In institutional contexts, legibility often names not clarity but acceptability—what can be recognized and absorbed without disruption, and what must be smoothed, translated, or silenced to remain professionally acceptable. Ethical refusal names a boundary that does not separate library workers from librarianship. Instead, it asserts a position from within. By acknowledging and naming harms within our institutions and the profession, we adhere closer to our articulated professional values and embody them with faithfulness.

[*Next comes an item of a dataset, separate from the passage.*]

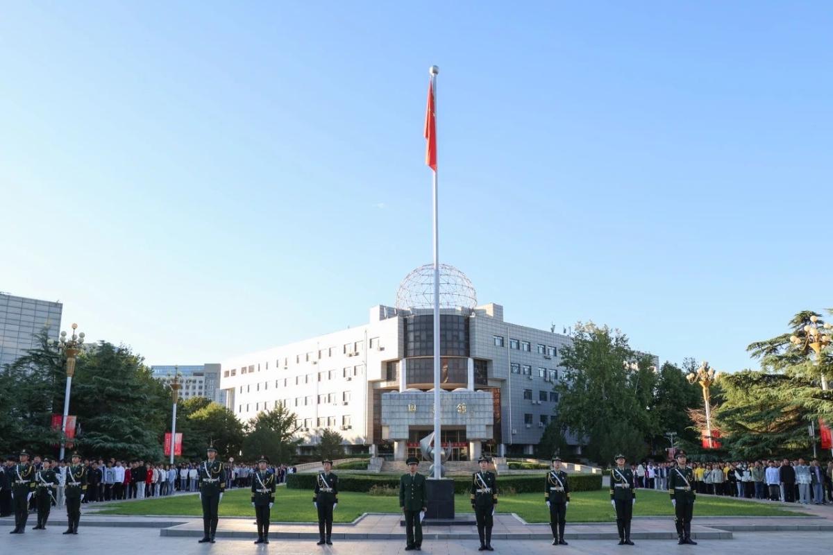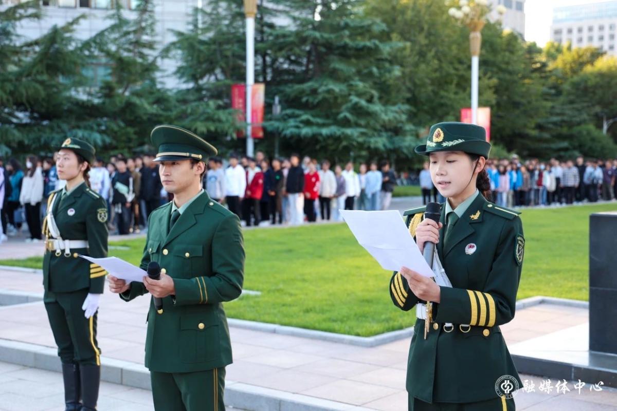 当日清晨,学校在北校门广场举行了隆重的升国旗仪式和国旗下的演讲活动,进一步弘扬爱党爱国精神,引领广大学子树立为祖国为人民永久奋斗、赤诚奉献的坚定理想。全体师生齐声高唱《义勇军进行曲》和《我和我的祖国》,共同表达对伟大祖国的深情热爱和诚挚祝福。

Like Peebles’ staying, ethical refusal remains present without consenting to extraction. It is a way of practicing librarianship that refuses false collegiality in order to defend relational accountability, pedagogical integrity, and moral clarity.
Care as Infrastructure, Not Disposition
Librarianship often treats care as a personal disposition—something ethical individuals provide despite institutional constraints. Feminist and Ethnic Studies scholars alike caution that this framing obscures structural responsibility by locating care in individual character rather than in environmental conditions (Tronto, 1993; Delgado Bernal, 2002). Framing care as disposition allows institutions to praise care while refusing accountability for the environments that make care possible or impossible.
Care is infrastructural. It requires time, continuity, proximity, and shared risk—not as individual virtues, but as conditions that must be materially sustained and collectively protected. When these conditions are absent, care does not fail because individuals are insufficiently ethical. It fails because institutions have been designed to fragment responsibility and privatize harm.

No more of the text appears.